任天堂・古川俊太郎社長が日刊工業新聞の取材に応じ、2018年の年末商戦の手応えや今後の展望について語っています。

年末商戦向けソフトは特に『スマスペ』が好調

2018年の年末商戦期に任天堂は、10〜12月に『スーパー マリオパーティ』『ポケットモンスター Let’s Go! ピカチュウ・Let’s Go! イーブイ』『大乱闘スマッシュブラザーズ SPECIAL』の計4本のNintendo Switchソフトを発売。

古川社長は「それぞれ順調に販売が伸びている」とした上で、特に『大乱闘スマッシュブラザーズ SPECIAL』に勢いがあると強調。発売初週で世界500万本を突破し、Switchソフトとしてだけでなく、任天堂が発売した据置型ゲーム機向けソフトの中でも歴代1位のペースで売れているとコメント。

ソフトと合わせて、Switch本体の販売ペースも11月中旬以降(つまり『ポケモン ピカブイ』発売のタイミング)から勢いが出ていると明かしています。
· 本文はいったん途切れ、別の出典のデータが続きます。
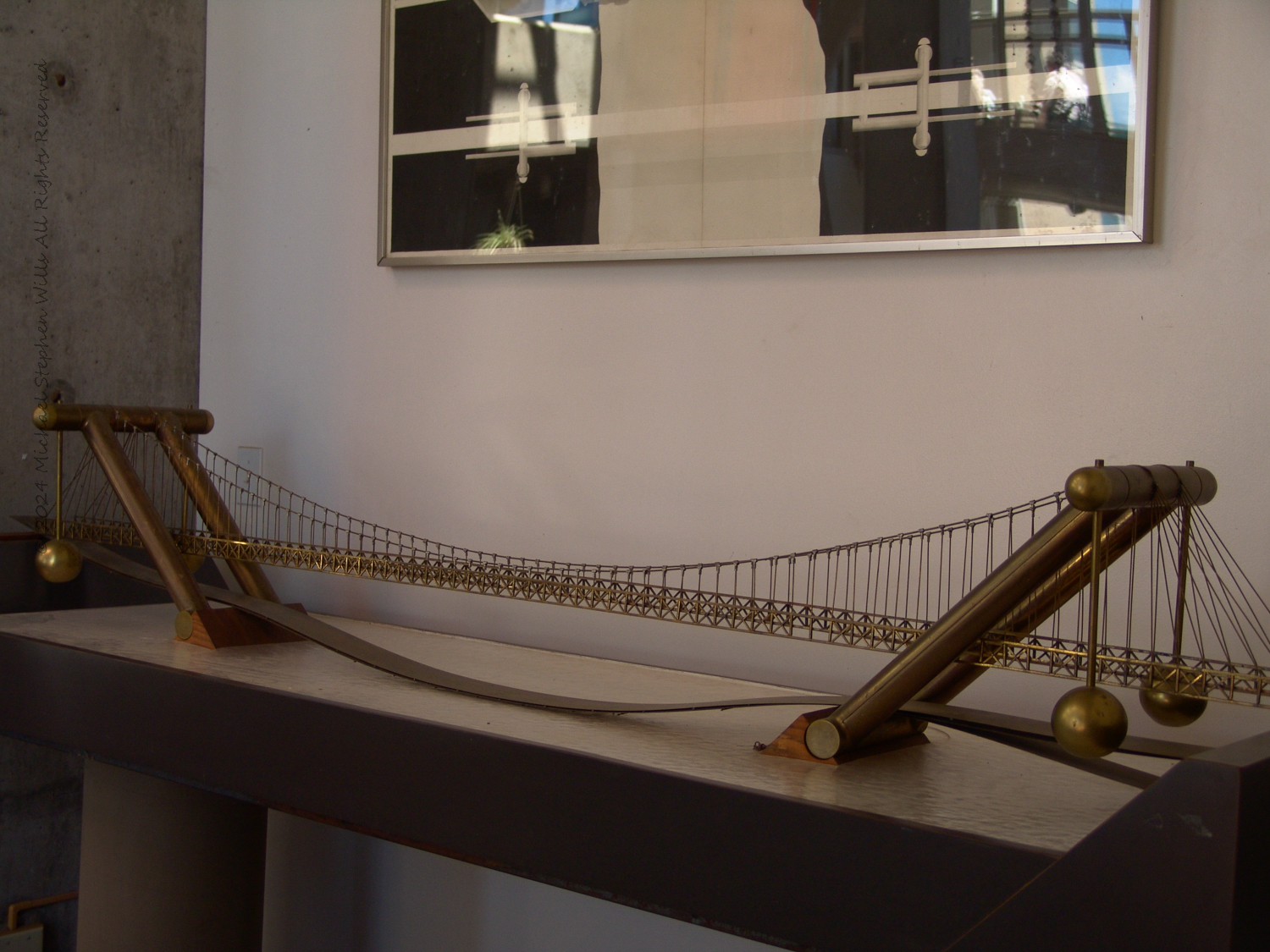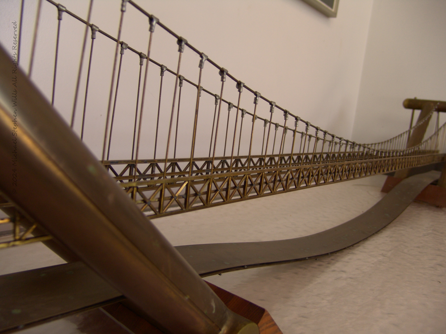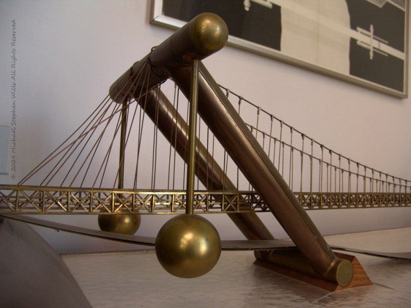 The bridge stretched across the table, a golden ribbon suspended in perpetual motion. Its delicate cables, taut and slender, mirrored the veins of a great urban organism. I leaned closer, catching the glint of light on the brass framework, which seemed to hum with possibility. The slanted pylons, bold and angled at 45 degrees, rose like colossal compass points charting a path into a future yet unbuilt. Their elegant incline gave the structure a sense of poise and power, as though it were both rooted in the earth and ready to leap skyward.

『ポケモン ピカブイ』発売時にはソフト同梱本体セットに加えて、『スマスペ』同梱本体セットもソフトに先駆けて先行発売。年末商戦色が強まり盛り上がりました。

スマホ事業を収益の柱の1つに

スマートデバイス事業に関しては、ゲーム専用機ビジネスよりも多くの国・地域で展開できる点に言及。Nintendo Switchは現在約60か国で販売されていますが、iOS/Android向けゲームアプリ『スーパーマリオ ラン』は約150か国近くで配信。より多くの国で普及するスマートデバイスを活用して任天堂のキャラクターを世界へ発信し、スマホ向け事業を収益の柱の一つにしたいと述べ、引き続きスマホ向けにも力を入れていくとの考えを改めて述べています。さらなる企業との協業・提携については、「“良いお話”があれば検討する」とのこと。

人材の確保は以前よりも積極的に

ゲーム専用機やスマートデバイスなどゲームを遊べる端末やゲーム形態が多様化しています。開発人材の確保は世界レベルでの競争となっていますが、人材をどう確保していくのかについては「長期的な視野で考えている。競争力の源泉は、社内の人材の総合力」だと古川社長はコメント。“独創的”で、時代に合わせて柔軟に変化できる人材を求めているとして、インターンシップや採用広報など、以前よりも積極的に進めていくとしています。

任天堂は自社開発の内製ソフトだけでなく、セカンドパーティ(自社開発により近い、外部デベロッパー。資本関係がある場合も)の手を借りることも多いパブリッシャーですが、Nintendo Switch では発売年の2017年に『ゼルダの伝説 ブレス オブ ザ ワイルド』『スプラトゥーン2』『ARMS』『スーパーマリオオデッセイ』など自社開発の目玉ソフトを集中的にリリース。その反動が出たのか、2018年は年末まで大型タイトルの登場を待つこととなりました。ポケモンとスマブラで狙い通り売上を伸ばしたのは流石ですけれど。

任天堂ハードが躓くのは、任天堂ソフトがうまくまわらないとき。発売スケジュールに谷間を作らないようにするためには京都・東京制作部だけではまかないきれない部分もあるので、最近存在感が薄れている特に海外の開発部署やセカンドパーティ陣の動向、あるいはソフト安定供給のための社内開発力強化をどう進めていくのか気になるところです。